**ABOUT THIS TASK**
Return each line below holding the string "three".

**DATA**
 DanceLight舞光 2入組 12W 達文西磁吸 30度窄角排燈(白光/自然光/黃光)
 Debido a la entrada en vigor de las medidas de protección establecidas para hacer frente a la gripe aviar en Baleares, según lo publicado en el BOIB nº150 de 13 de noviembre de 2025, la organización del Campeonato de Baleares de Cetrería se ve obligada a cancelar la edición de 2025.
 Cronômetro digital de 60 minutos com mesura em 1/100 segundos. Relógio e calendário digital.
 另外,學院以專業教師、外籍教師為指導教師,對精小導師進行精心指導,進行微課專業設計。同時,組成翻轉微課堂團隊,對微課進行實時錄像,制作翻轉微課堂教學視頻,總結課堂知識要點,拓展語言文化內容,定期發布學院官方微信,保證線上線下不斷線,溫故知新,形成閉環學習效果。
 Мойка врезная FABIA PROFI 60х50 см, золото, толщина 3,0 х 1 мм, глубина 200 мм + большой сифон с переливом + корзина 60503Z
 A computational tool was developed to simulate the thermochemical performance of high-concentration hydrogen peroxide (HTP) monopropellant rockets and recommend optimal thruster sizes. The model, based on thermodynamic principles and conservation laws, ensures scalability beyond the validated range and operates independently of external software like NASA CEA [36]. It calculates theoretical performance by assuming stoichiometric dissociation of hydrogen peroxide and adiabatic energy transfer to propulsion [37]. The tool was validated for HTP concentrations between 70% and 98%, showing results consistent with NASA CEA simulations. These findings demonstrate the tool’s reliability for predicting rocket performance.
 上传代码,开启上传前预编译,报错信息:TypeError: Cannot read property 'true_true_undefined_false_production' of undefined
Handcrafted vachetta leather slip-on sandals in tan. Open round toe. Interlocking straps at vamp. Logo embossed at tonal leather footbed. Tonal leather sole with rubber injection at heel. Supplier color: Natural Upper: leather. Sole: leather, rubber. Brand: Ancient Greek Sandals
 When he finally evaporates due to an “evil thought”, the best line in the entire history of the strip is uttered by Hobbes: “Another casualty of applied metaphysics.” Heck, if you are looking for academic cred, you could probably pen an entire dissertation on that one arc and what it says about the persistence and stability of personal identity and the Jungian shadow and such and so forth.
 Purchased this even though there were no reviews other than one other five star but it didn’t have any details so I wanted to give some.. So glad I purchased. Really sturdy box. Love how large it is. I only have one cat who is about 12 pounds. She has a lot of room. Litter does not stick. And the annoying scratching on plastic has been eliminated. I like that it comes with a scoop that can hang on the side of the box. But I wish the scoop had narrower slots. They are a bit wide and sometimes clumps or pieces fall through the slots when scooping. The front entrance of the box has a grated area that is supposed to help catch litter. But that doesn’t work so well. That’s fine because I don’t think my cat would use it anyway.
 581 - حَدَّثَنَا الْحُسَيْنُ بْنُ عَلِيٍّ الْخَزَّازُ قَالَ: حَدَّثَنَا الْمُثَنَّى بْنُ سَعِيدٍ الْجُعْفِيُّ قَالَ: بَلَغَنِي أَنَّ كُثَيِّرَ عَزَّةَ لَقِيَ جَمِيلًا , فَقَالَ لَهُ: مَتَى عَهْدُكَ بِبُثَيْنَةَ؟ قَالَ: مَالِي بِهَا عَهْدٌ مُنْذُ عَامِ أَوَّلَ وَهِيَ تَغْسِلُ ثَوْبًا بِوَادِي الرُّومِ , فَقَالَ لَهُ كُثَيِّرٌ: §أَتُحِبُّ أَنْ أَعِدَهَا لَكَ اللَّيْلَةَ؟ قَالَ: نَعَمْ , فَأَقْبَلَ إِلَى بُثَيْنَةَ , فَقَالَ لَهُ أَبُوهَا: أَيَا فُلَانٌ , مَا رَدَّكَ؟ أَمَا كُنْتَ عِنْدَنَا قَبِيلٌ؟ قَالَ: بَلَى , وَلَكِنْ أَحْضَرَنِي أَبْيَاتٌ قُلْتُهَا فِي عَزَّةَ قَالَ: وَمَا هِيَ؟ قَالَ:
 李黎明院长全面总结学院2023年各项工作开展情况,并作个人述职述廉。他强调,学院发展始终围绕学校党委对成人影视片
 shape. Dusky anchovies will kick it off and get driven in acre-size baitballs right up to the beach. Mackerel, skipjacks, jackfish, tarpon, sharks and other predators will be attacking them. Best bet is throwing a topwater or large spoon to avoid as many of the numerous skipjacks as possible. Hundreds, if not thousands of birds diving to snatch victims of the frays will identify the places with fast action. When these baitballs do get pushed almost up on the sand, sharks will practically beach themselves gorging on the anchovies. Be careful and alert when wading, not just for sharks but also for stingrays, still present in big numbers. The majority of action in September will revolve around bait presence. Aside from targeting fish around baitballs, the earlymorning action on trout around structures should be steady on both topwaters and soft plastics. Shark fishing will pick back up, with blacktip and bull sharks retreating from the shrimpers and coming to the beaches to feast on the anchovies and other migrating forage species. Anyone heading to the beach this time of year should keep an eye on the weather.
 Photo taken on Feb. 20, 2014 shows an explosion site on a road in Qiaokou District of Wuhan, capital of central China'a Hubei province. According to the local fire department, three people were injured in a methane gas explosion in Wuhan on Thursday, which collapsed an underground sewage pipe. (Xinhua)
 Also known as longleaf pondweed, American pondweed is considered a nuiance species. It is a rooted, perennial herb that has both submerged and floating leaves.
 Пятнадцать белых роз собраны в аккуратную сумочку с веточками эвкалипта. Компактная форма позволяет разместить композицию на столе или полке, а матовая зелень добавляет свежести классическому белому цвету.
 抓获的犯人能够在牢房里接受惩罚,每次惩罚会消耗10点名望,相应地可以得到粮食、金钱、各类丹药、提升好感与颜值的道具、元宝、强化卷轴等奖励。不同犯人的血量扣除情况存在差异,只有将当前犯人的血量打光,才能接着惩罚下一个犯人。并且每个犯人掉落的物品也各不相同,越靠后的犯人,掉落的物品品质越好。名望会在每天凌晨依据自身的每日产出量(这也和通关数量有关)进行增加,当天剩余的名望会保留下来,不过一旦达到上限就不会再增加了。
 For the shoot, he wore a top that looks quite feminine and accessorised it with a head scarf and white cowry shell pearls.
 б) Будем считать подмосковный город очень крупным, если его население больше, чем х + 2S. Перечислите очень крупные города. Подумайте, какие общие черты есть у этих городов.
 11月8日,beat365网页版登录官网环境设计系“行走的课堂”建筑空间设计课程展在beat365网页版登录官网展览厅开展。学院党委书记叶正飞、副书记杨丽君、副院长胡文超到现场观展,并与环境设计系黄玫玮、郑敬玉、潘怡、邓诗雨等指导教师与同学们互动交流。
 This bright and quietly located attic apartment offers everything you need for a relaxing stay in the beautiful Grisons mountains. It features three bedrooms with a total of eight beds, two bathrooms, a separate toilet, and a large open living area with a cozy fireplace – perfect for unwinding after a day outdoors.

**RESPONSE AREA**
 Photo taken on Feb. 20, 2014 shows an explosion site on a road in Qiaokou District of Wuhan, capital of central China'a Hubei province. According to the local fire department, three people were injured in a methane gas explosion in Wuhan on Thursday, which collapsed an underground sewage pipe. (Xinhua)
 This bright and quietly located attic apartment offers everything you need for a relaxing stay in the beautiful Grisons mountains. It features three bedrooms with a total of eight beds, two bathrooms, a separate toilet, and a large open living area with a cozy fireplace – perfect for unwinding after a day outdoors.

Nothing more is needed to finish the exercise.